§ **To do**:
Only some lines are wanted. Transcribe, exactly, the lines below from the line with "Это двухтемпературный прибор" up to and including the line with "Aplicamos os cabos".
Working data section start
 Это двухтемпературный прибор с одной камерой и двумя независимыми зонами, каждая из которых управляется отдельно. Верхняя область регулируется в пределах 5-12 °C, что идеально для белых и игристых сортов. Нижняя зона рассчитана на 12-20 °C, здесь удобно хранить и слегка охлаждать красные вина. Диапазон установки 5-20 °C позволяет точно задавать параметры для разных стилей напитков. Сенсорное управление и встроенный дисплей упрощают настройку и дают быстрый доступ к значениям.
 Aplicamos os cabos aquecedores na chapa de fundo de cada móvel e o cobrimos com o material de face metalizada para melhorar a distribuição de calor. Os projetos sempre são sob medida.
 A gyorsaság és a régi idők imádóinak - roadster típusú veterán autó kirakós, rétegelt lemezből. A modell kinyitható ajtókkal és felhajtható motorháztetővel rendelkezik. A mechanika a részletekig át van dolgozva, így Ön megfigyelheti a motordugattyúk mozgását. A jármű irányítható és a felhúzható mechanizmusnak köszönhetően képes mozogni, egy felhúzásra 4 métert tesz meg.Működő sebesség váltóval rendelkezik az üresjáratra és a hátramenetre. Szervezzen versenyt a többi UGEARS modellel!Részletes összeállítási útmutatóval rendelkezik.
Working data section end
Working data section start
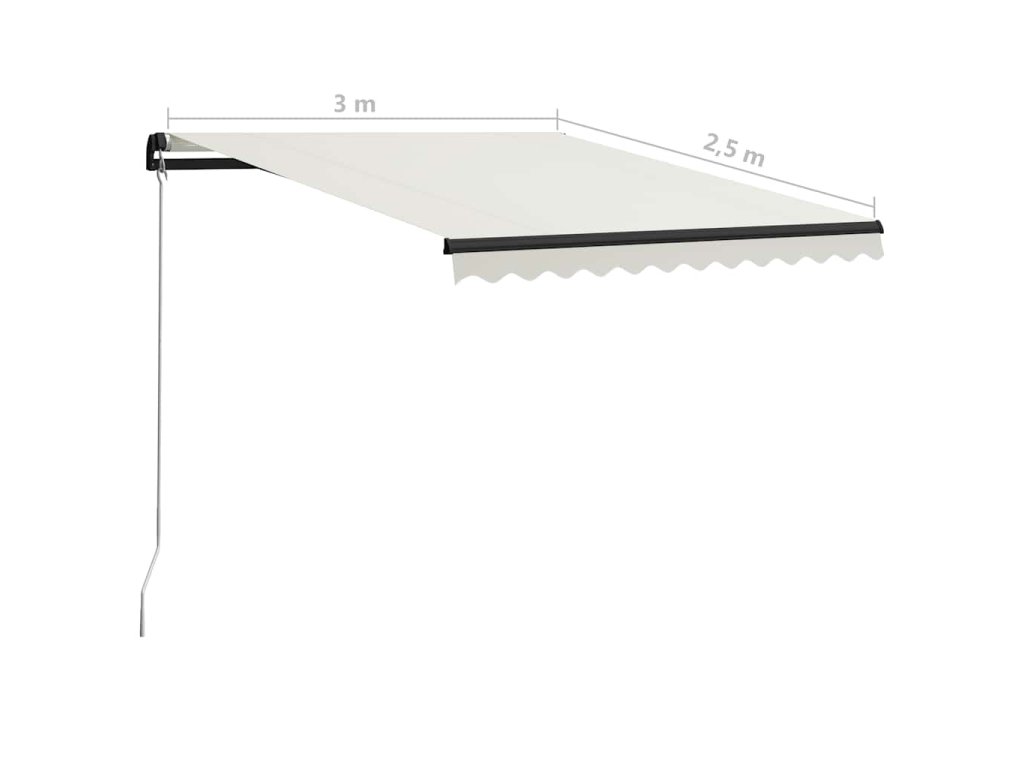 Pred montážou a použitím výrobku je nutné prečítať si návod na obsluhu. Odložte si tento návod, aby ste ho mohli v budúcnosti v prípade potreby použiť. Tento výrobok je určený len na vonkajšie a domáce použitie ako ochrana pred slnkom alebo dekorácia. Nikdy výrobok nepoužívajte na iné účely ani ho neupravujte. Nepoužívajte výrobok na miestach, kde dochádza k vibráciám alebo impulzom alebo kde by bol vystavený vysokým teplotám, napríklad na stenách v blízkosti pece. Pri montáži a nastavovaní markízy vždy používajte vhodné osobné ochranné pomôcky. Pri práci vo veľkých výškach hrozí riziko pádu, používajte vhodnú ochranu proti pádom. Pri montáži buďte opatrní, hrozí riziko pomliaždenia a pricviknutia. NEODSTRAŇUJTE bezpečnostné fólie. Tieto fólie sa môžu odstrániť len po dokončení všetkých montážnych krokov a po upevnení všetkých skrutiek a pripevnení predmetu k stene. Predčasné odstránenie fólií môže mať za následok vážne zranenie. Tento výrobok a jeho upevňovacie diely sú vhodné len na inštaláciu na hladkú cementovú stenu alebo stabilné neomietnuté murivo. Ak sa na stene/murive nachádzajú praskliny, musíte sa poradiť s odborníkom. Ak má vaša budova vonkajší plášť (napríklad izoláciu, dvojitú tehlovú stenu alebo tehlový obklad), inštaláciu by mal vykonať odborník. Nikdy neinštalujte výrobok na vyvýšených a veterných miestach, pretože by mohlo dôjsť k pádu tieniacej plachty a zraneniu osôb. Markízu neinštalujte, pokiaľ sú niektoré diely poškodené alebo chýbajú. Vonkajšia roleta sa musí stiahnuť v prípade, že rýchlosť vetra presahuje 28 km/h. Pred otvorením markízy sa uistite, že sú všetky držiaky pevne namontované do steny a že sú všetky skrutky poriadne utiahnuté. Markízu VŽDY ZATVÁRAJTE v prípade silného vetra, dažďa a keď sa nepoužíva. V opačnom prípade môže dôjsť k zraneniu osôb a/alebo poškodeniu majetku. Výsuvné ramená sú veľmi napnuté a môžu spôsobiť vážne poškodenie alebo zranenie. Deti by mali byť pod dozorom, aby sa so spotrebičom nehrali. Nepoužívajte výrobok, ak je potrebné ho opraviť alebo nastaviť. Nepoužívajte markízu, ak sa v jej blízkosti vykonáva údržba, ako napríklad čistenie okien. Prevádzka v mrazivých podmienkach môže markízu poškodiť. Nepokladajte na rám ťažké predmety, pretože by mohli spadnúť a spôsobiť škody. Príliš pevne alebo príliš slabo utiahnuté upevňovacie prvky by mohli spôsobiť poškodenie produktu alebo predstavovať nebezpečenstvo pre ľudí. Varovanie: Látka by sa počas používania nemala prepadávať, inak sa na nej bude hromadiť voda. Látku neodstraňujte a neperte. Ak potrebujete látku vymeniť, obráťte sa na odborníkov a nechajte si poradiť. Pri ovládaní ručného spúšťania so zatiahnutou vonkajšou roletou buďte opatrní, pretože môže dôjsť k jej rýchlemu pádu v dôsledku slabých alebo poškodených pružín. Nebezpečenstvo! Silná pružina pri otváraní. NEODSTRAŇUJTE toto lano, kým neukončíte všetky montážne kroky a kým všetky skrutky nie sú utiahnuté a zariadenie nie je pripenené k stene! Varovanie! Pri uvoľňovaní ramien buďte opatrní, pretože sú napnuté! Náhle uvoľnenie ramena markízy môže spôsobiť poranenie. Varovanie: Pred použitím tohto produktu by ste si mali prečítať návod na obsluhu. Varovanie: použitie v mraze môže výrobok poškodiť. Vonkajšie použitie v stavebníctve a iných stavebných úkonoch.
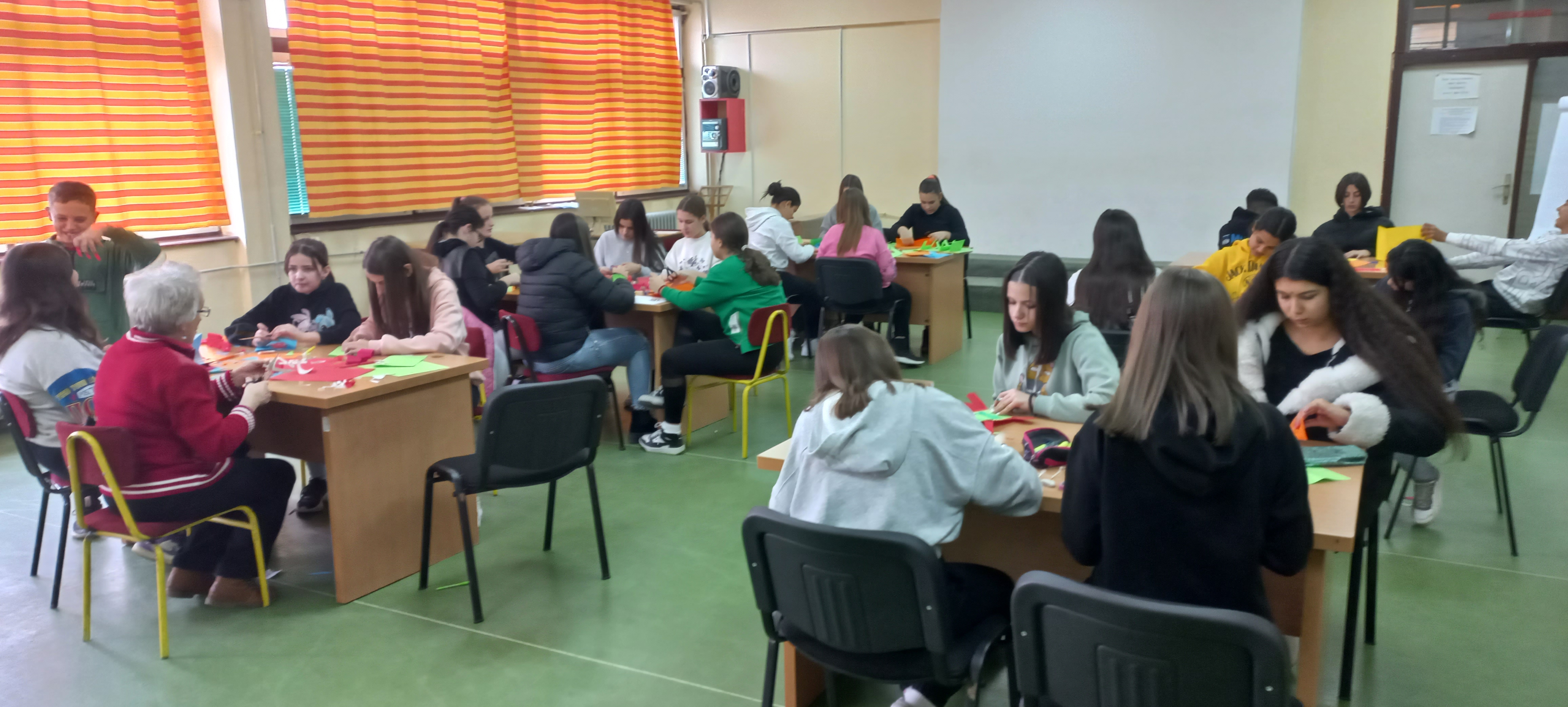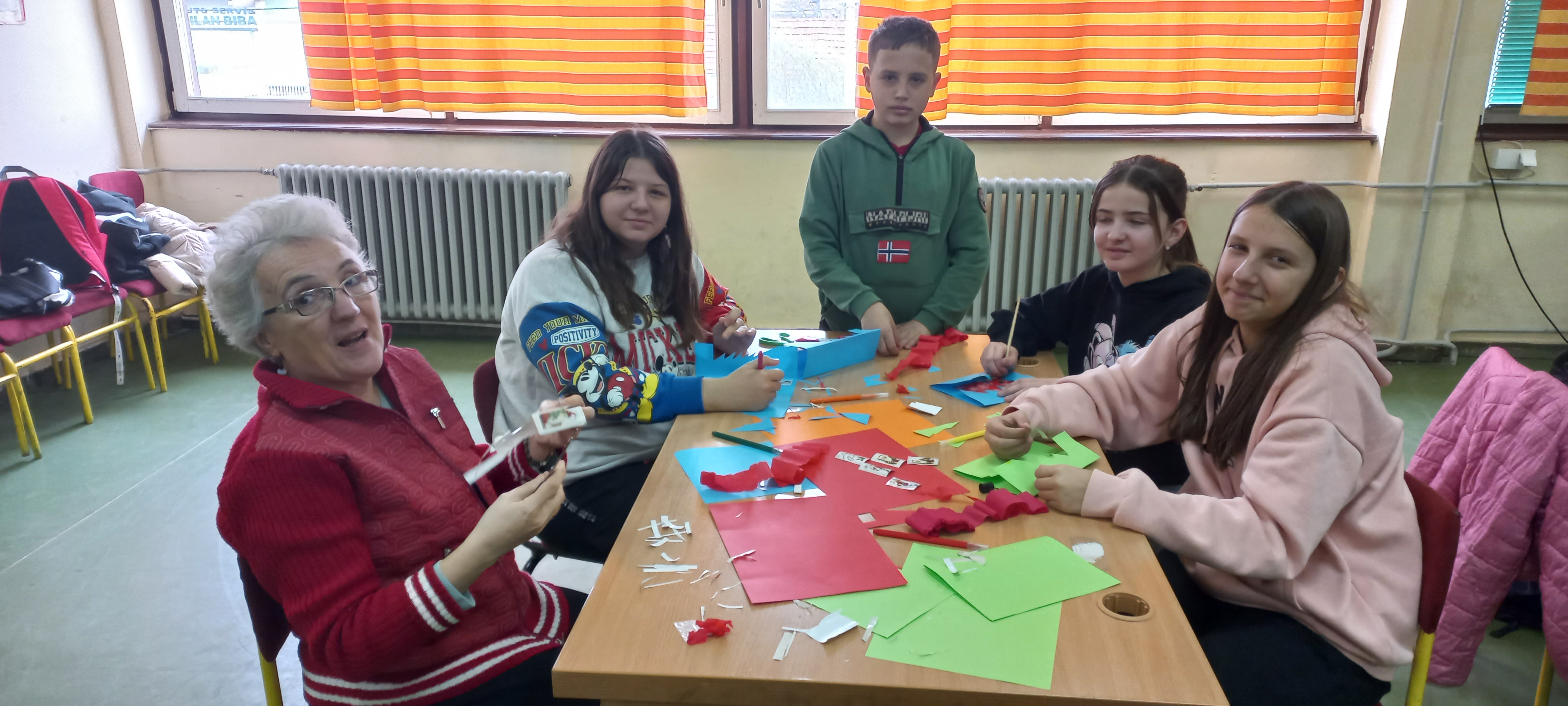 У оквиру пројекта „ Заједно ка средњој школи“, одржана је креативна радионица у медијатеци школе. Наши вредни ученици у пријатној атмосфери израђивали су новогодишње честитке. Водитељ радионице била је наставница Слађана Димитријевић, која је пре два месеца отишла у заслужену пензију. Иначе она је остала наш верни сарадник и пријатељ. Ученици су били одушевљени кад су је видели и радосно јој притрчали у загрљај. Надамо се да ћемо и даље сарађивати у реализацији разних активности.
Working data section end
§ **Exercise answer**:
 Это двухтемпературный прибор с одной камерой и двумя независимыми зонами, каждая из которых управляется отдельно. Верхняя область регулируется в пределах 5-12 °C, что идеально для белых и игристых сортов. Нижняя зона рассчитана на 12-20 °C, здесь удобно хранить и слегка охлаждать красные вина. Диапазон установки 5-20 °C позволяет точно задавать параметры для разных стилей напитков. Сенсорное управление и встроенный дисплей упрощают настройку и дают быстрый доступ к значениям.
 Aplicamos os cabos aquecedores na chapa de fundo de cada móvel e o cobrimos com o material de face metalizada para melhorar a distribuição de calor. Os projetos sempre são sob medida.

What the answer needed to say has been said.